Posted on 15 March 2017

Today we continue our blog series on Ococoa confections by offering some insight into one of the most aesthetically-striking cups in the Butter Cup Collection: the Almond Cherry Cup.

Almond Cherry Cup Cut Open

I could spend time during this blog post discussing how delicious this confection is. About how the tartness of the morello cherry jam balances so well with the sweet and saltiness of the almond butter, contrasting both flavors and textures. But mostly I want to talk about the cup's decoration – the eye-catching beauty of cherry blossoms.

In April 2011, I was in Washington DC for a business trip and it happened to coincide with the National Cherry Blossom Festival. I had been hoping to attend ever since I first learned about the celebration several years prior. I remember walking toward the park and suddenly finding myself in full view of a vast field of blossomed trees. I gasped, held my breath, and yes, even teared up a bit. It was a stunning, beautiful, and moving sight.
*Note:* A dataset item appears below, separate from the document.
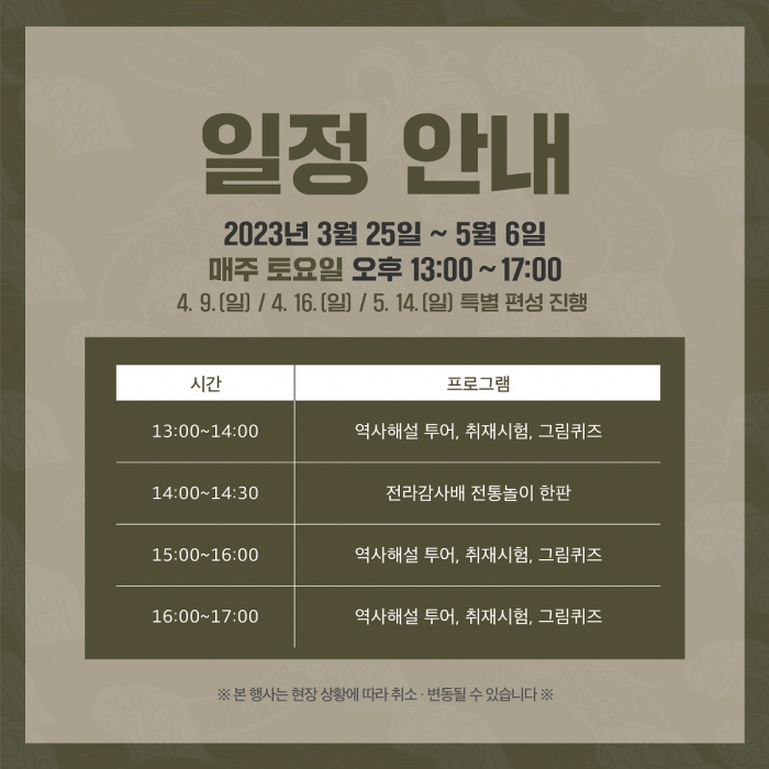 *행사기간 : 2023. 3. 25.(토) ~ 2023. 5. 6.(토) 매주 토요일

Cherry Blossom Branch Close-Up

The story behind the festival is just as moving: the trees were a gift from Japan to the United States in 1912. With one small gesture of friendship, the trees have become permanently etched on the shared imagery of the nation's capital in Spring. And each year, the festival commemorates the friendship between the United States and Japan. This year's festival runs from March 15 to April 16, and will be marked by parades, performances, and fireworks. The National Park Service predicts that peak bloom of the trees will be March 19 to 22.

 Cherry Blossom Tree

When the time came to choose how to decorate the Almond Cherry Butter Cup, it was an easy decision to adorn the tops with images of these beautiful flowers. People often ask how the gorgeous pattern is added to the chocolates. While I'd like to say that I lovingly hand-paint each one, the truth is that I use transfer sheets. Transfer sheets consist of colored cocoa butter that is printed on thin pieces of acetate (a type of flexible plastic). After we seal the confection with a layer of tempered chocolate, the chocolate is still soft and warm and we can place the transfer sheet on top of it. Once the chocolate cools completely, the transfer sheet is peeled off, leaving behind the decorative pattern of cocoa butter. Liz likes to refer to this technique as "chocolate tattoos." We also use transfer sheets to add honey bees to the Sunflower Honey Butter Cups (discussed here) and other fun patterns to our Truffle and Caramel Bars.

People often say these confections are “too pretty to eat.” So, we say buy two – one for your eyes to admire, the other for your taste buds to admire.